Lerer B, Avni J, Wiesel D
Ment Health Soc. 1976;3(3-4):205-11.
The physician in hospital practice may be faced with a situation in which a patient under his care suffers a bereavement or some other unexpected tragedy but is unaware of the fact. Three such cases encountered in the context of our psychiatric sonsultation service are presented. Factors influencing the decision as to whether, when and how the patient should be informed are considered. The complex psychodynamic situation which arises and involves the patient, his family and the medical staff is described. Stress is laid on the role played by archaic fears of being the bearer of evil tidings. The situation is seen as being ideally handled by the direct treating physician in conjunction with the family, the extent of psychiatric intervention being dictated by the needs of each of the parties concerned.
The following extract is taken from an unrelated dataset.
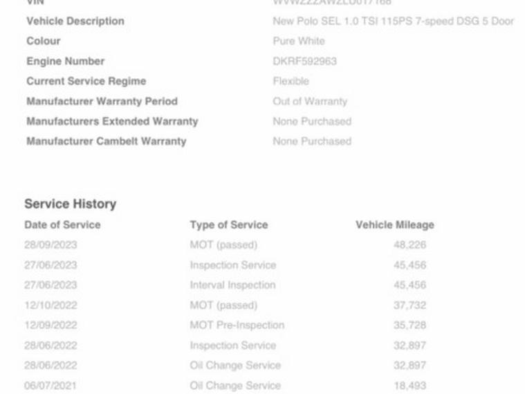 This car comes with 5 seats, White, 2 owners, 16in Alloy Wheels - Las Minas, 3 Rear Three-Point Seat Belts with Tensioners on Outer Seats, ABS - Anti-Lock Braking System with HBA - Hydraulic Brake Assist, Alarm with Interior Protection with Deactivation via Infotainment System, Ambient Lighting in Front Footwell and Light Stripes Below Trim in Front and Rear Doors and Dashboard, Armrest - Front Centre with Storage Compartment, Automatic Post-Collision Braking System, Bag Hooks in the Luggage Compartment x2, Black Radiator Grille with Chrome Trim, Black Radiator Grille with Chrome Trimmed Louvres, Body Coloured Bumpers and Side Sills, Body Coloured Door Handles and Mirrors with Integrated Indicators, Car Net - Guide and Inform (3 Year Subscription From New), Car-Net App Connect, Carpet Mats - Front and Rear, Centre Console with Open Storage Compartment, Chrome Effect Handbrake Grip Button, Chrome Plated Air Vent Surrounds, Chrome Plated Electric Mirror Adjustment Switch Surround, Chrome Plated Electric Window Button Surrounds, Chrome Plated Instrument Surrounds, Chrome Trimmed Strip on Lower Bumper, Climate Control - 2-Zone, Coloured Dashpad - Deep Iron, Composition Media System, Cup Holders - Front x2 and 12v Socket with Cover, Curtain Airbag System for Front and Rear Passengers including Side Airbags in the Front, DataPlug, Decorative Inserts - Deep Iron, Discover Navigation Infotainment System, Door Mirrors - Electrically Adjustable and Heated, Driver Alert System, Drivers and Front Passengers Airbags with Front Passenger Airbag Deactivation Switch, Drivers and Front Passengers Safety Optimised Head Restraints, Drivers and Front Passengers Sun Visors with Illuminated Vanity Mirrors, Dust and Pollen Filter, ESC - Electronic Stability Control, Electric Windows - Front and Rear, Electronic Engine Immobiliser, Front Assist - Radar Sensor Controlled Distance Monitoring System - City Emergency Braking System and Predictive Pedestrian Protection, Front Fog Lights with Static Cornering Function, Front Seat Back Storage Pockets, Front Windscreen Washers and Wipers with 4 Speeds including Interval Delay, Gear Lever Gaiter in Black Trim Surround, Glovebox, Halogen Clear Headlights Range Adjustable with Separate Daytime Running Lights including Automatic Headlights On, Heated Rear Windscreen - Automatically Switches Off, Height and Reach Adjustable Steering Wheel, Height-Adjustable Front Three-Point Seat Belts with Tensioners, High Level 3rd Brake Light, Hill Hold Control, ISOFIX Child Seat Preparation, Instrument Lighting - White Adjustable Panel Illumination, Interior Lighting - Front and Rear with Interior Delay and Dimming Function, Interior Lighting with Delayed Switch Off, License Plate with LED Illumination, Light and Sight Pack, Lights on Warning Buzzer, Luggage Compartment - Variable Load Floor, Luggage Compartment Cover - Removable, Luggage Compartment Light, Manual Coming-Automatic Leaving Home Lighting Function, Multifunction Computer Plus, Multifunction Leather Steering Wheel Including Leather Trimmed Gear Knob and Handbrake Grip, Parking Sensors - Front and Rear, Power Assisted Steering - Speed Sensitive, Premium USB Cable, Rain Sensor and Automatic Dimming Interior Rear-View Mirror, Rear Windscreen Washer and Wiper with Interval Delay - Reverse Activated, Remote Central Locking with 2 Remote Folding Keys, Seats - Height Adjustment - Front, Spare Wheel - Space Saver, Speedo and Rev Counter - Electronic Odometer - Trip - Service Interval Display - Digital Clock and Fuel Gauge, Split Folding Rear Backrests 60-40, Storage Compartment Under Front Seats, Storage Compartment in Front and Rear Doors, Three Rear Head Restraints, Tinted Glass - Heat Insulating Green, Tool Kit and Jack, Two-Tone Horn, Tyre Pressure Monitoring System, Warning Buzzer and Light for Front and Rear Seat Belts if Unfastened,

Ideally the patient should be told as soon as his physical and mental condition are seen as conducive and preferably before he leave hospital.
他所照料的患者遭遇了亲人离世或其他一些意想不到的悲剧,但患者本人却不知情。本文介绍了在我们的精神科会诊服务中遇到的三起此类病例。文中还考虑了影响决定是否、何时以及如何告知患者这一情况的因素。描述了由此产生的涉及患者、其家人和医护人员的复杂心理动力学状况。强调了因古老的恐惧——害怕成为坏消息的传递者——所起的作用。这种情况被视为由直接负责治疗的医生联合患者家属来理想地处理,精神科干预的程度则由相关各方的需求决定。理想情况下,一旦认为患者的身心状况适宜,就应尽快告知他,最好是在他出院之前。